---------- Data block ----------
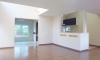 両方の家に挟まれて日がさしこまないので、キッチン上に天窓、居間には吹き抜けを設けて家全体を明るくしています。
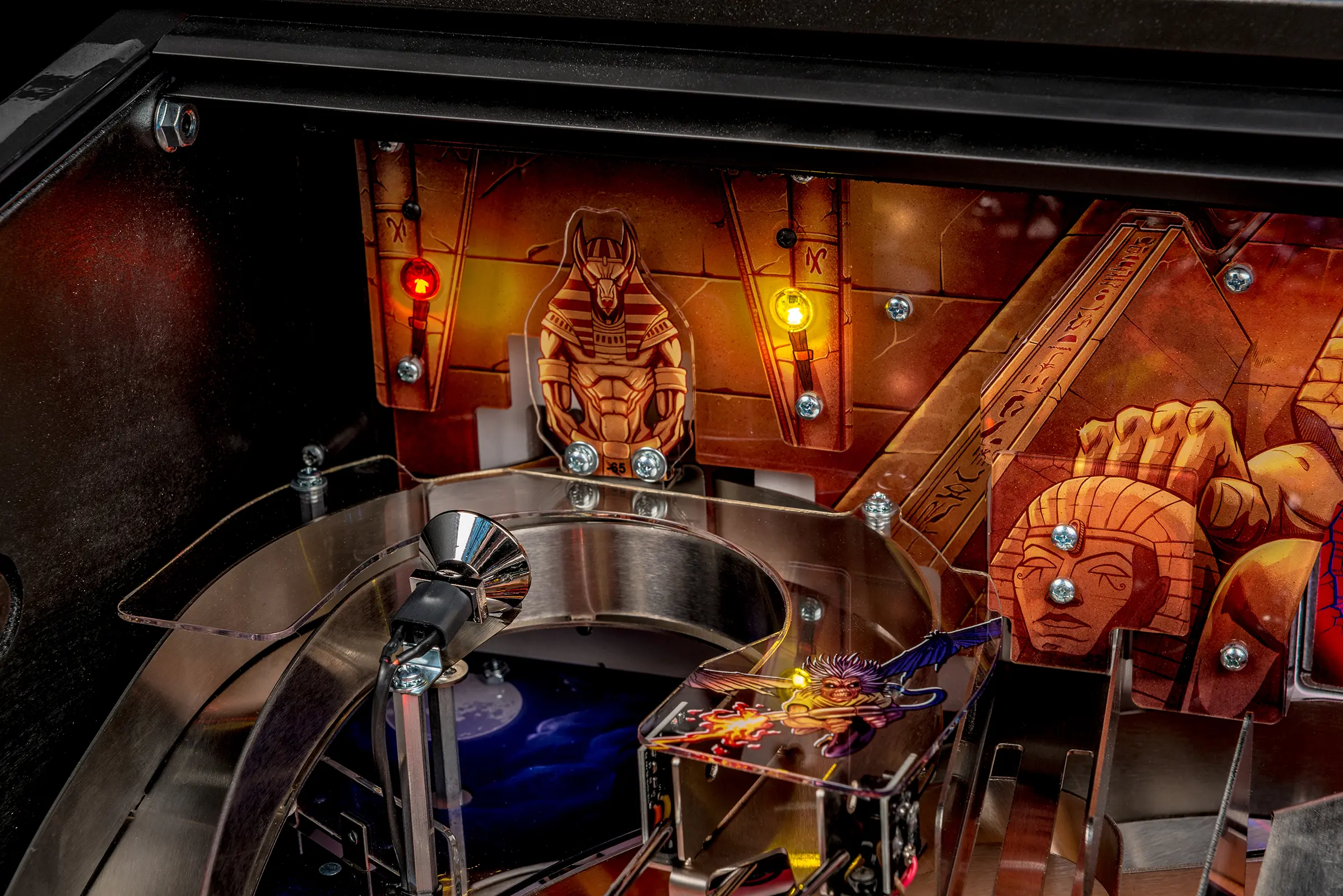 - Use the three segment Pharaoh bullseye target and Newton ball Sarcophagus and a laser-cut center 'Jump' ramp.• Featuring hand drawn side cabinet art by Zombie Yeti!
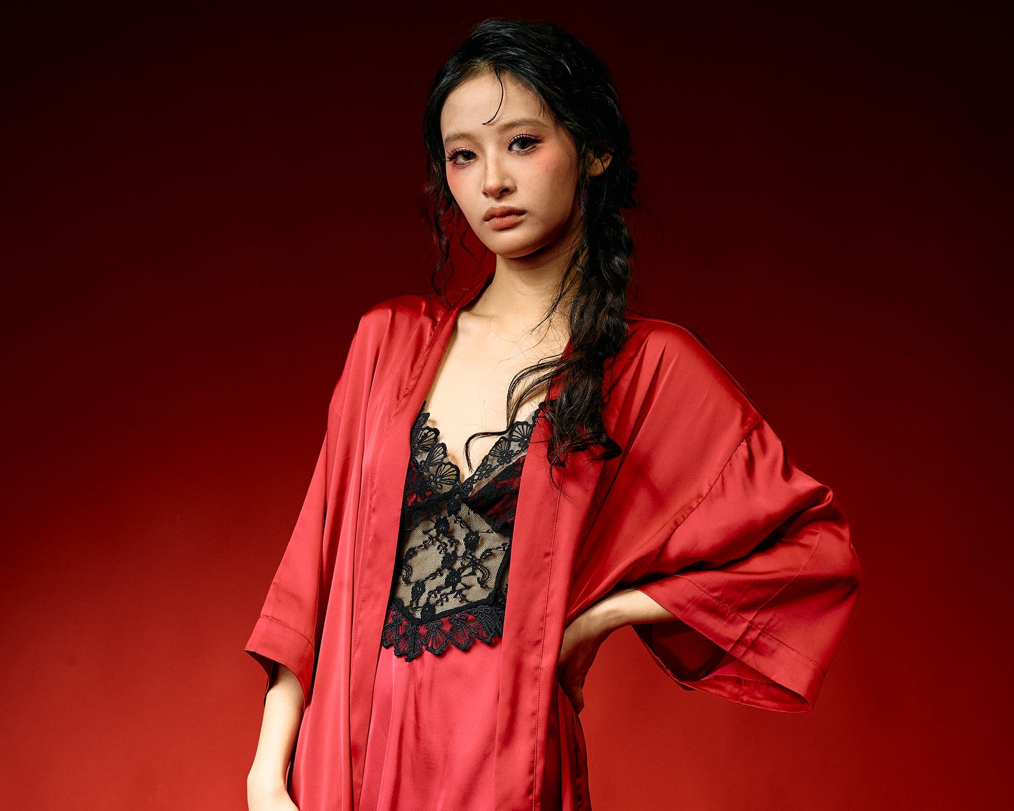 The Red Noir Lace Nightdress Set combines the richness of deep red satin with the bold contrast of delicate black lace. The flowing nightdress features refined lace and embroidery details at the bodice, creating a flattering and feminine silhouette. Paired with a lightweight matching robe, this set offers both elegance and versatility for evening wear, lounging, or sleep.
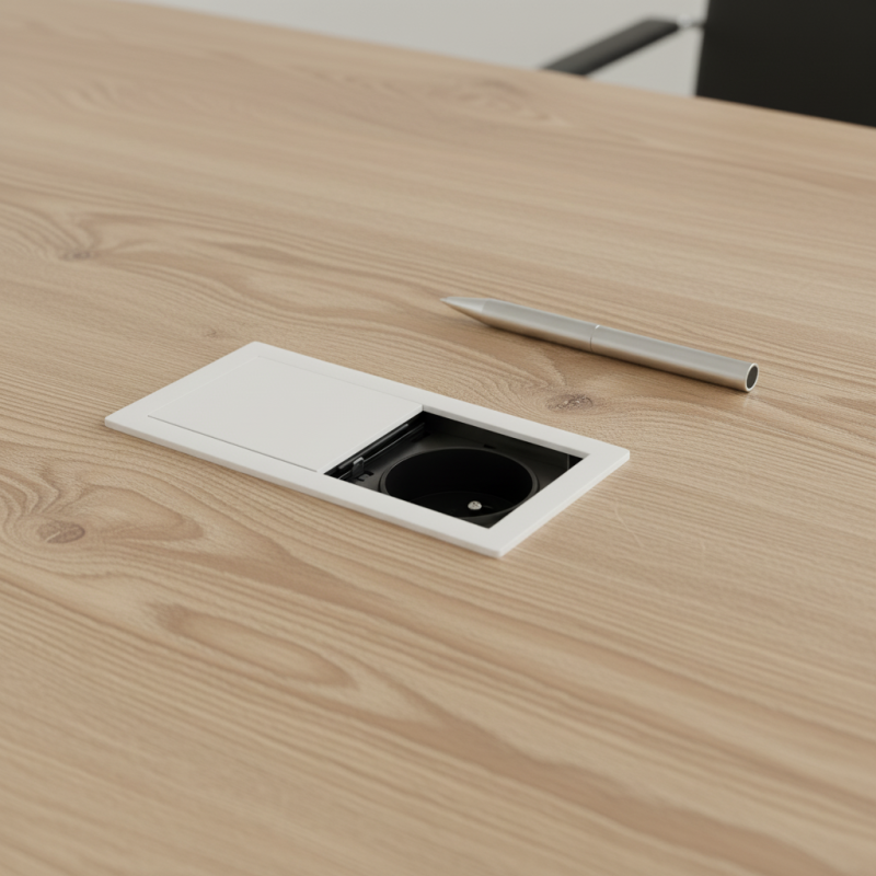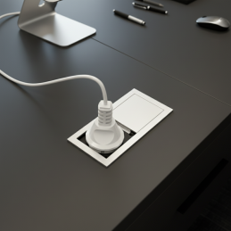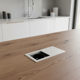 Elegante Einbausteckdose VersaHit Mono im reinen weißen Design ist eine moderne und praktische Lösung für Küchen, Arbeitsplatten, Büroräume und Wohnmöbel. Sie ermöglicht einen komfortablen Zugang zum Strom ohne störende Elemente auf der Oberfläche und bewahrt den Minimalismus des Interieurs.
----------
→ **What to produce**
From the material above, reproduce only what runs from the line holding "- Use the three" down to the line holding "The Red Noir", both included, pictures excluded.

→ **Problem solution**
 - Use the three segment Pharaoh bullseye target and Newton ball Sarcophagus and a laser-cut center 'Jump' ramp.• Featuring hand drawn side cabinet art by Zombie Yeti!
 The Red Noir Lace Nightdress Set combines the richness of deep red satin with the bold contrast of delicate black lace. The flowing nightdress features refined lace and embroidery details at the bodice, creating a flattering and feminine silhouette. Paired with a lightweight matching robe, this set offers both elegance and versatility for evening wear, lounging, or sleep.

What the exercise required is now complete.